BTW...you don't sound like a "gambling addict" to me. so you gamble some. its like drinking...it can be done responsibly or become a problem...you decide. do you ride her on how much she spends on her shopping binges? whats the difference?


----------



## jivany (Jul 15, 2017)

x598 said:


> jivany,
> 
> some here have suggested, and you seem to agree with, the next incident with your wife is the time to walk.
> 
> ...



I agree with this. The only thing I don't agree with is just doing it out of nowhere. If I just got up and left while everything is going great, that would make no sense. The next time she does blow up on me, then yea, I'm walking out for awhile.

It's funny. One night, we went out with a couple of friends. After a night of drinking, the night is over and we decide to head home. While I'm driving, my wife was using a tone of voice that she thinks is cute when she's drunk, but which I find annoying as hell. I kindly told her to "can you please talk normal?", or something along those lines. Holy hell, she then went on a tirade on how she has to speak english and spanish, and how difficult it can sometimes (even though she's fluent in both). It was a lie, what got her so mad was her hurt pride. Well, we get home, and instead of going inside, I decide to just drop her off and leave (which she was so surprised.) I didn't come back until about 530a. I woke up at around 8a and she was crying because she knew how bad she was acting. I guess leaving really did the trick...

I also agree with the getting out in front of her blow-ups, which I have done before. In fact, during the middle of one, I flat out told her "look, this is too much for me. Your temper is just out of control when we argue. That needs to change or from now on, I'm not saying anything to you".....what I should have said was that I'm leaving for a couple of weeks. Now, if I talk to her beforehand and she still has an outburst...then I'm headed to Destin for a two week vacation.


----------



## x598 (Nov 14, 2012)

jivany said:


> I agree with this. The only thing I don't agree with is just doing it out of nowhere. If I just got up and left while everything is going great, that would make no sense. The next time she does blow up on me, then yea, I'm walking out for awhile.
> 
> It's funny. One night, we went out with a couple of friends. After a night of drinking, the night is over and we decide to head home. While I'm driving, my wife was using a tone of voice that she thinks is cute when she's drunk, but which I find annoying as hell. I kindly told her to "can you please talk normal?", or something along those lines. Holy hell, she then went on a tirade on how she has to speak english and spanish, and how difficult it can sometimes (even though she's fluent in both). It was a lie, what got her so mad was her hurt pride. Well, we get home, and instead of going inside, I decide to just drop her off and leave (which she was so surprised.) I didn't come back until about 530a. I woke up at around 8a and she was crying because she knew how bad she was acting. I guess leaving really did the trick...
> 
> I also agree with the getting out in front of her blow-ups, which I have done before. In fact, during the middle of one, I flat out told her "look, this is too much for me. Your temper is just out of control when we argue. That needs to change or from now on, I'm not saying anything to you".....what I should have said was that I'm leaving for a couple of weeks. Now, if I talk to her beforehand and she still has an outburst...then I'm headed to Destin for a two week vacation.

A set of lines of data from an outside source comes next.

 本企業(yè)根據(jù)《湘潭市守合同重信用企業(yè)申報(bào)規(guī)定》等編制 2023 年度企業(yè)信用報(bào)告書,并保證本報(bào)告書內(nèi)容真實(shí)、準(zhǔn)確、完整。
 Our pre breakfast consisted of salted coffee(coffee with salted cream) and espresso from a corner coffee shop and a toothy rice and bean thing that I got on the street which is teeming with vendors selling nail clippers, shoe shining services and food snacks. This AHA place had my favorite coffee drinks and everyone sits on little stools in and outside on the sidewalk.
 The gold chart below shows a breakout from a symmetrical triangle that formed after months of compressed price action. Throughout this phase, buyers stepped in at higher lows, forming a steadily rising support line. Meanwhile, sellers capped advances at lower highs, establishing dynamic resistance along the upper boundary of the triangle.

the problem with this is she knows you will be back. all she has to do is cry a little and you are back. and you have repeated this dynamic. you go dark to shock her world and make her know you are serious and a few tears wont fix this. she needs to LEARN the hard way she has ALREADY pushed you past the point of no return.


----------



## jivany (Jul 15, 2017)

james5588 said:


> Op,
> 
> What you have described to me is eerily reminiscent of my own experiences growing up with a latina mother. She was crazy but in a harmless way. As the years progressed, in hindsight, she calmed down considerably. Unfortunately, I am not certain if this was a function of age or of 'cultural assimilation'.
> 
> ...


Well, you know, I'm not perfect. And I never claimed to be. I know I do things that get my wife upset. I just dont know what they are until she has her outburst. Here's the difference between us. I know her faults, she knows mine. When she does things that I don't like, I will tell her then and there. I like to keep the peace, much like your father was. My wife does too, to an certain extent. It's just, she has to let it out after a certain while and its an explosion. Me? Sometimes I keep quiet, and other times, if it's too annoying, I deal with it in a kind manner. I know she's not perfect, and there are things that will annoy me. But I accept/deal with them and move on. I think a lot of men are like that..

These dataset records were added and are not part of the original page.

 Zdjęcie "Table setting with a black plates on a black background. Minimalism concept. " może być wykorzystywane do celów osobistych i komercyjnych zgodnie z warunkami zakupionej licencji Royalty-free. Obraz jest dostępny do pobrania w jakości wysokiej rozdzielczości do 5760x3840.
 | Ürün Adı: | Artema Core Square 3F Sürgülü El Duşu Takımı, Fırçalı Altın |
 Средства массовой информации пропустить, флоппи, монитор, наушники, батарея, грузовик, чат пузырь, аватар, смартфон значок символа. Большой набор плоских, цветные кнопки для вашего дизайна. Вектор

What worries me is that I believe I'm holding a resentment towards her and it's building. If she does things that annoy me, why is it that I can accept it/ deal with , but she can't? For example, sometimes we are watching a new movie. And she will always make these "ooos" and "aaaahhhsss"....annoying as fvck. So I told her nicely to cut that **** out. And she did. I had a problem, I addressed it nicely, problem solved. Another thing with my parents...sometimes when we are all together, she stays on her phone, texting I don't know who, on facebook, whatever. Well, I had finally had enough and told her to "have some respect. dont be on your phone while my parents are talking to you. or in front of my parents. thats rude as fvck." I said it more nicely, but you get the gist. What did she do? Oh, I'm sorry, I didn't know I was doing it so much. So now, she doesn't do it. Problem solved. Why is it so hard to do that for her? I think if she addressed things with me when they happen, a lot of this stuff can be avoided. I don't think it's a culture thing, I think its a common sense thing. But that's just me.


----------



## james5588 (Mar 22, 2017)

"Not perfect"; however, I am guessing you don't cheat on her, beat her, abuse drugs, or demean her. Instead, you treat her with respect and do everything for her. Maybe, she is trying to see if you're for 'realz'.

At the same time: You're logical. She is passionate [I know I am totally projecting my crazy upbringing]. You want to settle differences. She wants to settle it once and for all (that is until the next time).

I know this sounds crazy, but my daughter has a bit of that latina thing - my daughter. She loves to try provoke me and pick squabbles. She'll hide my keys or take my shoes. She has always been this way. When she was a toddler, we came inside after playing outside on a hot summer day. i was lounging on the couch and she crawled up to me put her sweaty feet on my face and laughed - a toddler. Traditional discipline doesn't really work with her either. On an occasion that she misbehaved, I told her i wouldn't ground her but instead would serenade her in front of all her friends the next time I pick her up from school. Crazy. I know.

Point is, they live for that 'strife'. Did you ever see the movie 300? There is this line where the enemy's emperor threatens Leonidas with the prospect of enslaving Sparta's women and Leonidas responds, "clearly, you don't know our women!"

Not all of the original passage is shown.